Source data

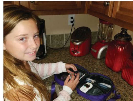
Lions are committed to improving the quality of life for people worldwide who are living with diabetes.
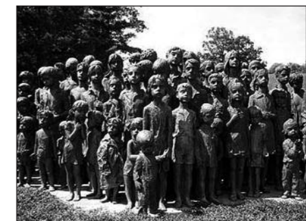
Memorial to the murdered children of Lidice.

Thousands of Czechs died as a result of Operation Anthropoid and to many the question has always been “Was it worth it?” Although it is easy to say over sixty years later, I have no doubt that it was worth it. The status of the Czech Forces and Government in Exile was certainly much enhanced as a result of the operation and from then onwards the Nazis leadership knew that they were no longer untouchable.
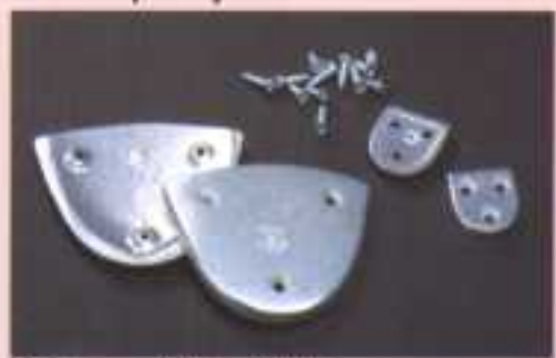
36C - Taps/ Style 30/32
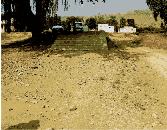
Rampura Jetty far way from water

The jetty constructed at Rampura, which had a sanctioned cost of Rs. 0.21 crore, was not serving any purpose, as there was no water within a range of two kilometres from the jetty. The waiting hall and booking office constructed
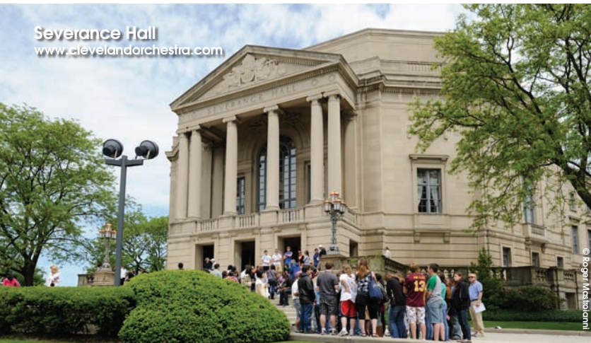
Severance Hall www.clevelandorchestra.com
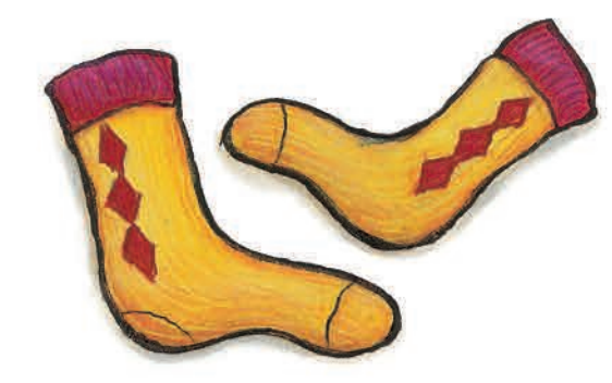
some smart socks with diamonds up the sides,
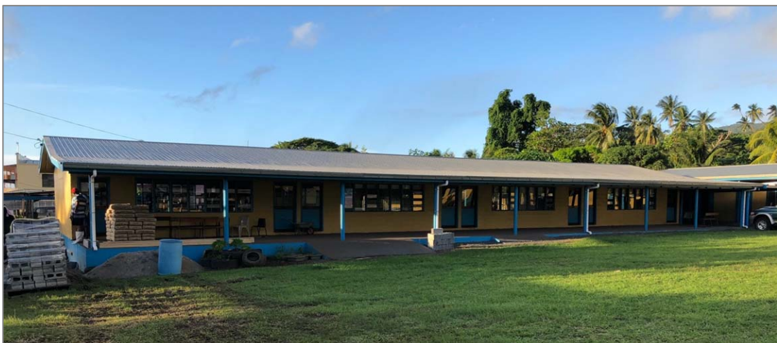
The classrooms were completed early in the Rotary year

The Rotary Club of Taveuni Island is managing construction of the houses and school classrooms using a grant provided by the New Zealand Ministry of Foreign Affairs and Trade in conjunction with Rotary New Zealand World Community Service.
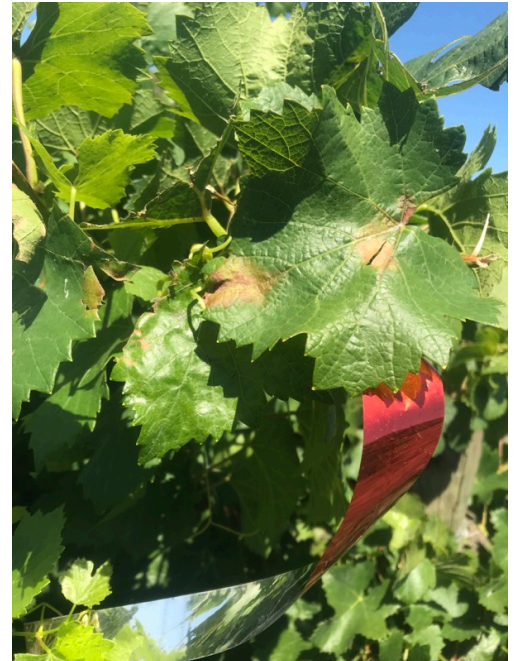
Downy Mildew block 7 Pinot slightly active
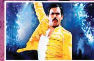
KILLER QUEEN A TRIBUTE TO QUEEN OCTOBER 21 | 8 PM
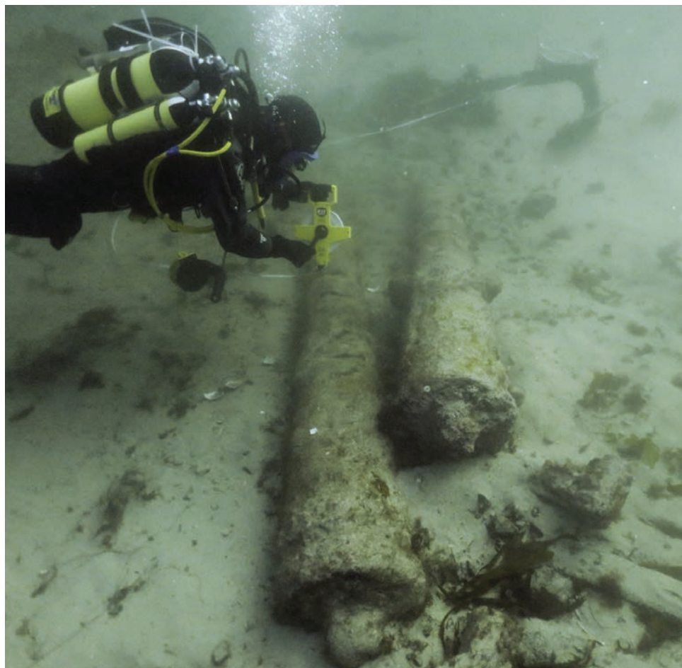
Above: Diver investigating guns and hull structure on the seabed within the Drumbeg HMPA, Sutherland

We also consider the implications of the designation. Even if a marine historic asset may otherwise meet the criteria, it may not always be appropriate to designate it. For example, offshore oil installations may be historically significant but, as they have to be decommissioned at the end of their life to meet international commitments, designation would not be appropriate.
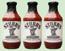
Stubb's BBQ SAUCE 18 oz. OR MARINADES 12 oz.
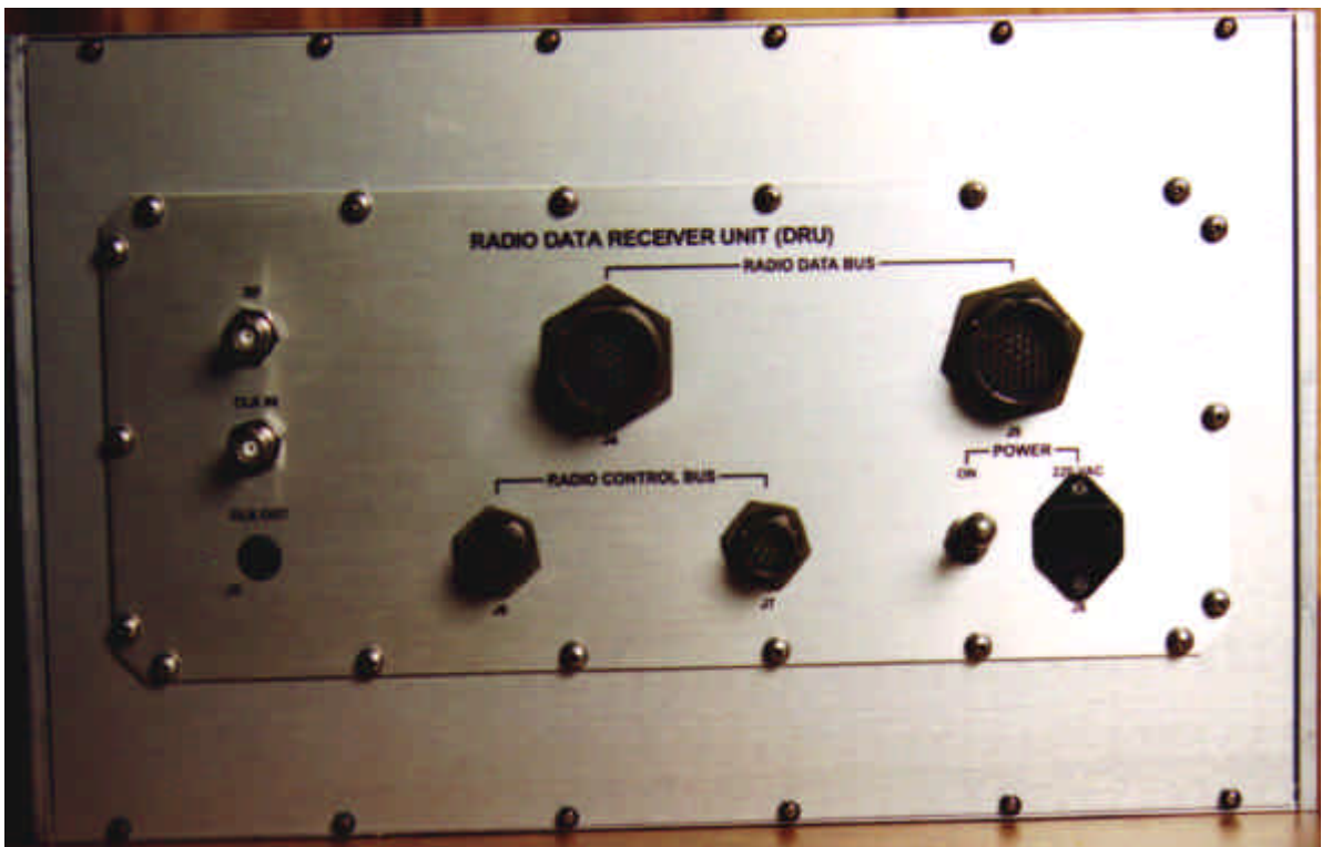
FCC ID CU8 BOX – Base Station Base Station Transmitter – Rear View (Receiver Unit)
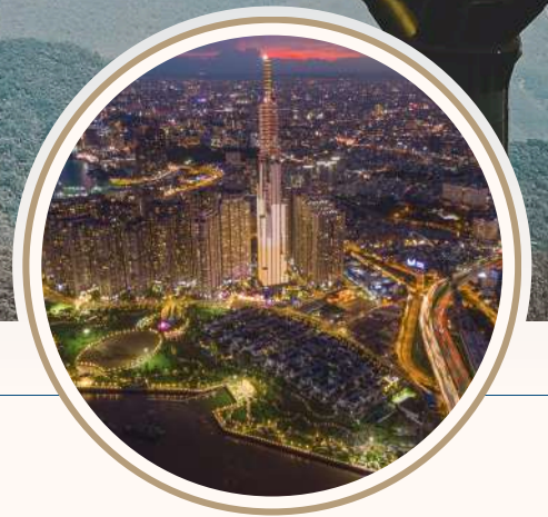
HO CHI MINH
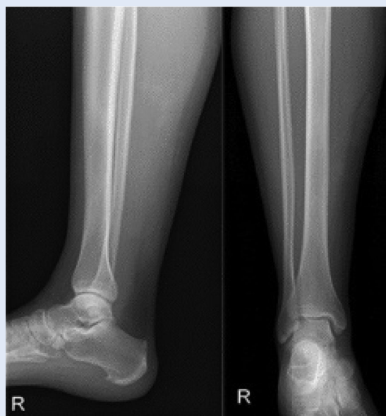
Figure 1. Plain x-rays of the right lower leg. No evident bone lesion is seen.
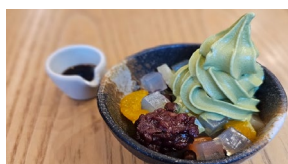
MATCHA SOFT SERVE ANMITSU 抹茶ソフトクリームあんみつ $9.50-
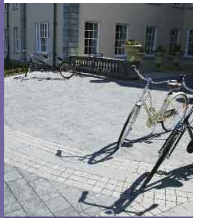
Castlemartyr House Hotel, Cork
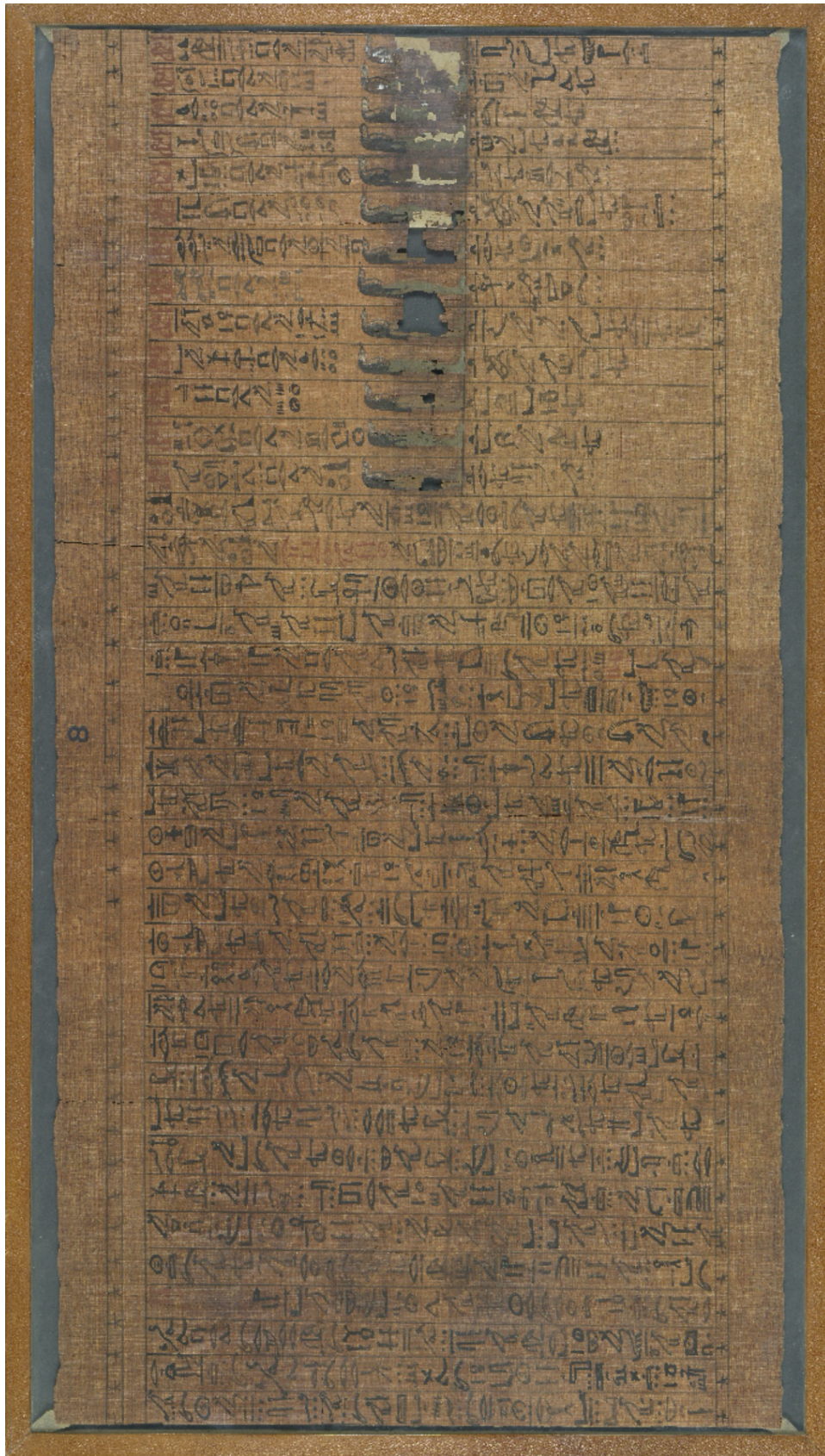
Fig. 1. Papyrus of 'Imn- htp (BM EA 10489, 8 Recto) (Courtesy of the Trustees of the British Museum).
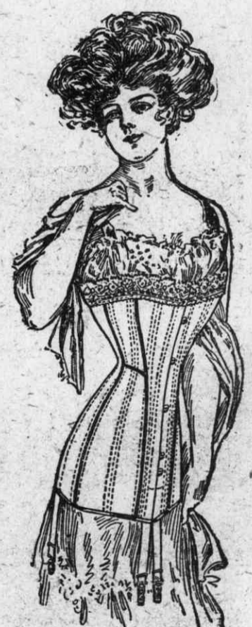
AMERICAN BEAUTY Style 1326 Kalamazoo Corset Co., Makers
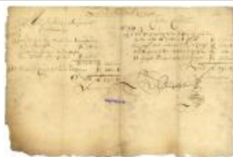
ACCOUNT (debit-credit) of Balthazar Stuyvesant (NYS A1883-78_V17_105)
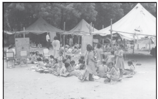
Discuss the visuals (Two types of schools)

For the sociologists who perceive society as unequally differentiated, education functions as a main
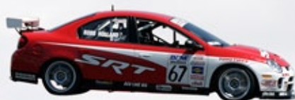
3R Automotive World Challenge Neon Srt-4
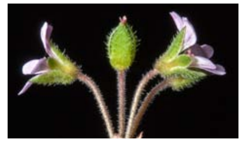
(left) Aciphylla aurea. <a href="www.nzpcn.org.nz/flora">www.nzpcn.org.nz/flora</a> details.asp?ID=1451. (centre, top) Hectorella caespitosa. <a href="www.nzpcn.org.nz/flora">www.nzpcn.org.nz/flora</a> details.asp?ID=804. (centre, bottom) Dracophyllum ophioliticum. <a href="www.nzpcn.org.nz/flora">www.nzpcn.org.nz/flora</a> details.asp?ID=3805. (right, bottom) Pelargonium inodorum. <a href="www.nzpcn.org.nz/flora">www.nzpcn.org.nz/flora</a> details.asp?ID=2215.
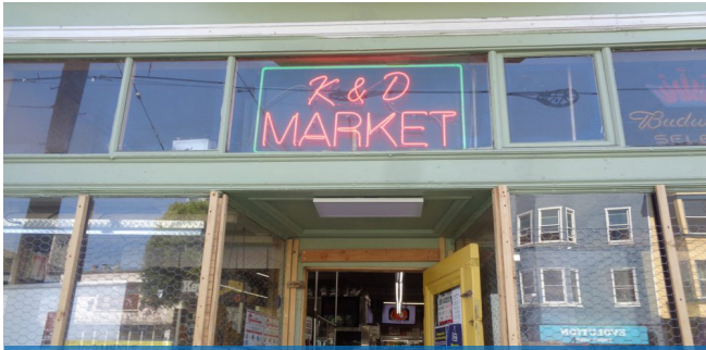
K & D MARKET AND KOREAN BBQ
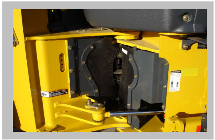
Articulation Area Guards

• REQUIRED ACTION
Every record must be copied exactly, with images dropped from the result.

• EXPECTED ANSWER
Lions are committed to improving the quality of life for people worldwide who are living with diabetes.
Memorial to the murdered children of Lidice.

Thousands of Czechs died as a result of Operation Anthropoid and to many the question has always been “Was it worth it?” Although it is easy to say over sixty years later, I have no doubt that it was worth it. The status of the Czech Forces and Government in Exile was certainly much enhanced as a result of the operation and from then onwards the Nazis leadership knew that they were no longer untouchable.
36C - Taps/ Style 30/32
Rampura Jetty far way from water

The jetty constructed at Rampura, which had a sanctioned cost of Rs. 0.21 crore, was not serving any purpose, as there was no water within a range of two kilometres from the jetty. The waiting hall and booking office constructed
Severance Hall www.clevelandorchestra.com
some smart socks with diamonds up the sides,
The classrooms were completed early in the Rotary year

The Rotary Club of Taveuni Island is managing construction of the houses and school classrooms using a grant provided by the New Zealand Ministry of Foreign Affairs and Trade in conjunction with Rotary New Zealand World Community Service.
Downy Mildew block 7 Pinot slightly active
KILLER QUEEN A TRIBUTE TO QUEEN OCTOBER 21 | 8 PM
Above: Diver investigating guns and hull structure on the seabed within the Drumbeg HMPA, Sutherland

We also consider the implications of the designation. Even if a marine historic asset may otherwise meet the criteria, it may not always be appropriate to designate it. For example, offshore oil installations may be historically significant but, as they have to be decommissioned at the end of their life to meet international commitments, designation would not be appropriate.
Stubb's BBQ SAUCE 18 oz. OR MARINADES 12 oz.
FCC ID CU8 BOX – Base Station Base Station Transmitter – Rear View (Receiver Unit)
HO CHI MINH
Figure 1. Plain x-rays of the right lower leg. No evident bone lesion is seen.
MATCHA SOFT SERVE ANMITSU 抹茶ソフトクリームあんみつ $9.50-
Castlemartyr House Hotel, Cork
Fig. 1. Papyrus of 'Imn- htp (BM EA 10489, 8 Recto) (Courtesy of the Trustees of the British Museum).
AMERICAN BEAUTY Style 1326 Kalamazoo Corset Co., Makers
ACCOUNT (debit-credit) of Balthazar Stuyvesant (NYS A1883-78_V17_105)
Discuss the visuals (Two types of schools)

For the sociologists who perceive society as unequally differentiated, education functions as a main
3R Automotive World Challenge Neon Srt-4
(left) Aciphylla aurea. <a href="www.nzpcn.org.nz/flora">www.nzpcn.org.nz/flora</a> details.asp?ID=1451. (centre, top) Hectorella caespitosa. <a href="www.nzpcn.org.nz/flora">www.nzpcn.org.nz/flora</a> details.asp?ID=804. (centre, bottom) Dracophyllum ophioliticum. <a href="www.nzpcn.org.nz/flora">www.nzpcn.org.nz/flora</a> details.asp?ID=3805. (right, bottom) Pelargonium inodorum. <a href="www.nzpcn.org.nz/flora">www.nzpcn.org.nz/flora</a> details.asp?ID=2215.
K & D MARKET AND KOREAN BBQ
Articulation Area Guards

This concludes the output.